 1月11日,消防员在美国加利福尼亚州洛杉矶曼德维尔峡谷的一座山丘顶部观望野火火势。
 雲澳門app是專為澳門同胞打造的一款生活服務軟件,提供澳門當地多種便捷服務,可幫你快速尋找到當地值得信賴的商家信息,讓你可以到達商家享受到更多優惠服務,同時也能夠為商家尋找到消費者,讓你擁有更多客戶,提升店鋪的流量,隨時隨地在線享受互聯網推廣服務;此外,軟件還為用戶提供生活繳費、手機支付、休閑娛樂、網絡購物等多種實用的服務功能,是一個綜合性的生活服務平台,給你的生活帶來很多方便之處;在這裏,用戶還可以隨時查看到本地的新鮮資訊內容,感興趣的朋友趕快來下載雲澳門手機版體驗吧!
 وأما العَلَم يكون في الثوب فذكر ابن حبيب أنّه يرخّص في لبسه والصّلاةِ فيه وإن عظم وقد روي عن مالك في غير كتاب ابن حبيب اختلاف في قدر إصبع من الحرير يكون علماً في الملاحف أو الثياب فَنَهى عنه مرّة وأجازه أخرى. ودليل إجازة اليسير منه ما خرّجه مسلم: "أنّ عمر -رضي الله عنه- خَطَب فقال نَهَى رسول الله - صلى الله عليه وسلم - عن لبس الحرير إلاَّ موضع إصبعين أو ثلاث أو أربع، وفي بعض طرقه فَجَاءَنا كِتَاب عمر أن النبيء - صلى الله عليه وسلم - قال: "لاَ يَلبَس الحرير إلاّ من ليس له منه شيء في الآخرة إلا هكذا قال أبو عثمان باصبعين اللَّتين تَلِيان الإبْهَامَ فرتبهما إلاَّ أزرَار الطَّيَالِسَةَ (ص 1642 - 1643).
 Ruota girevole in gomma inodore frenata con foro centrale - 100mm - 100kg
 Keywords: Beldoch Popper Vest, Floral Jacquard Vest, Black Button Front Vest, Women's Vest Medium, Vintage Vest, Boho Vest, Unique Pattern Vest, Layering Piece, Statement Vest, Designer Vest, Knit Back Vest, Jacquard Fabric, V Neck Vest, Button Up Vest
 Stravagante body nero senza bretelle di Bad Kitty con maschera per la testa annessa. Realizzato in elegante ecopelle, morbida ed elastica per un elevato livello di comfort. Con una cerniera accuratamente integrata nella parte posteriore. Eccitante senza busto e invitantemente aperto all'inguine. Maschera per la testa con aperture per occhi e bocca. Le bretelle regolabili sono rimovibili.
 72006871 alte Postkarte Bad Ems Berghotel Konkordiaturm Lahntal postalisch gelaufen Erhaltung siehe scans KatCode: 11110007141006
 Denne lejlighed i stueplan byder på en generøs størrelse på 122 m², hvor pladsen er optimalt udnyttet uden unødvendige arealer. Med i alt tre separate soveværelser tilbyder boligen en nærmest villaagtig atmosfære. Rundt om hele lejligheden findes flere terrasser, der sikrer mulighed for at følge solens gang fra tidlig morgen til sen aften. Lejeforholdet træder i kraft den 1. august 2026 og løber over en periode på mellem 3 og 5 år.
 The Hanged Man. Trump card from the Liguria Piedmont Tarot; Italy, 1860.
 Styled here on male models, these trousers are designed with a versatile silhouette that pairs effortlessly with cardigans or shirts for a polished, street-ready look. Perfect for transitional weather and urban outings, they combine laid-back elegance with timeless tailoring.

⁂

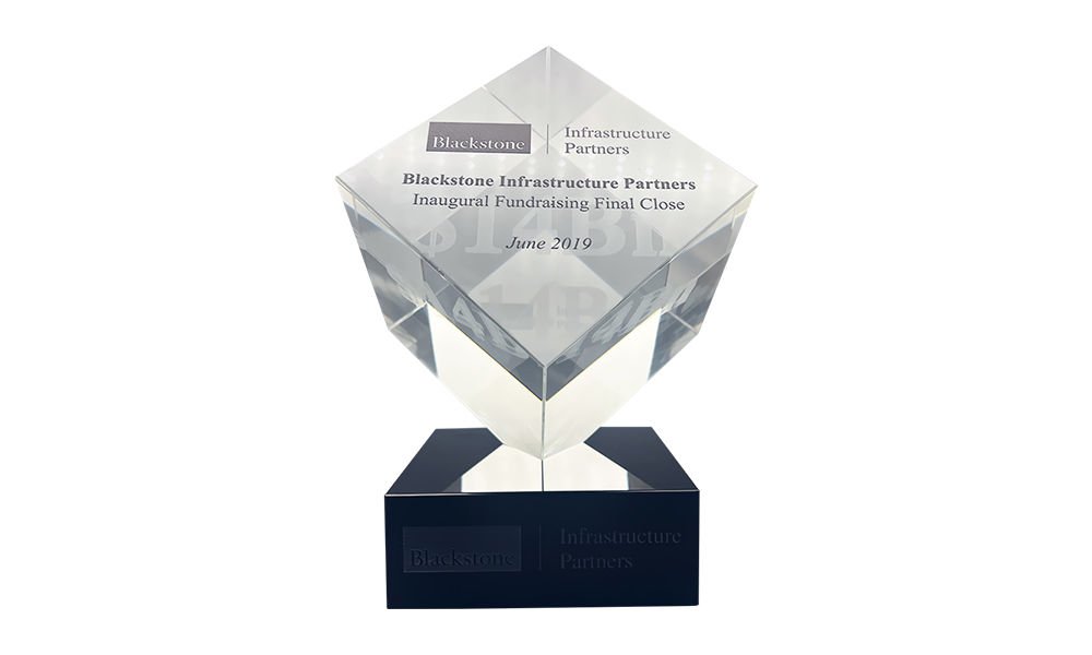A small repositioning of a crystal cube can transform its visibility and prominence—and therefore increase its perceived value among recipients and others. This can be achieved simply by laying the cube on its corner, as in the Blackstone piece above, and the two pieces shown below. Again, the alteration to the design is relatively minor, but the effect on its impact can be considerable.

⁂

Reproduce, exactly as they stand in the data above, the lines from the one that holds "Keywords: Beldoch Popper" to the one that holds "72006871 alte Postkarte", inclusive.

 Keywords: Beldoch Popper Vest, Floral Jacquard Vest, Black Button Front Vest, Women's Vest Medium, Vintage Vest, Boho Vest, Unique Pattern Vest, Layering Piece, Statement Vest, Designer Vest, Knit Back Vest, Jacquard Fabric, V Neck Vest, Button Up Vest
 Stravagante body nero senza bretelle di Bad Kitty con maschera per la testa annessa. Realizzato in elegante ecopelle, morbida ed elastica per un elevato livello di comfort. Con una cerniera accuratamente integrata nella parte posteriore. Eccitante senza busto e invitantemente aperto all'inguine. Maschera per la testa con aperture per occhi e bocca. Le bretelle regolabili sono rimovibili.
 72006871 alte Postkarte Bad Ems Berghotel Konkordiaturm Lahntal postalisch gelaufen Erhaltung siehe scans KatCode: 11110007141006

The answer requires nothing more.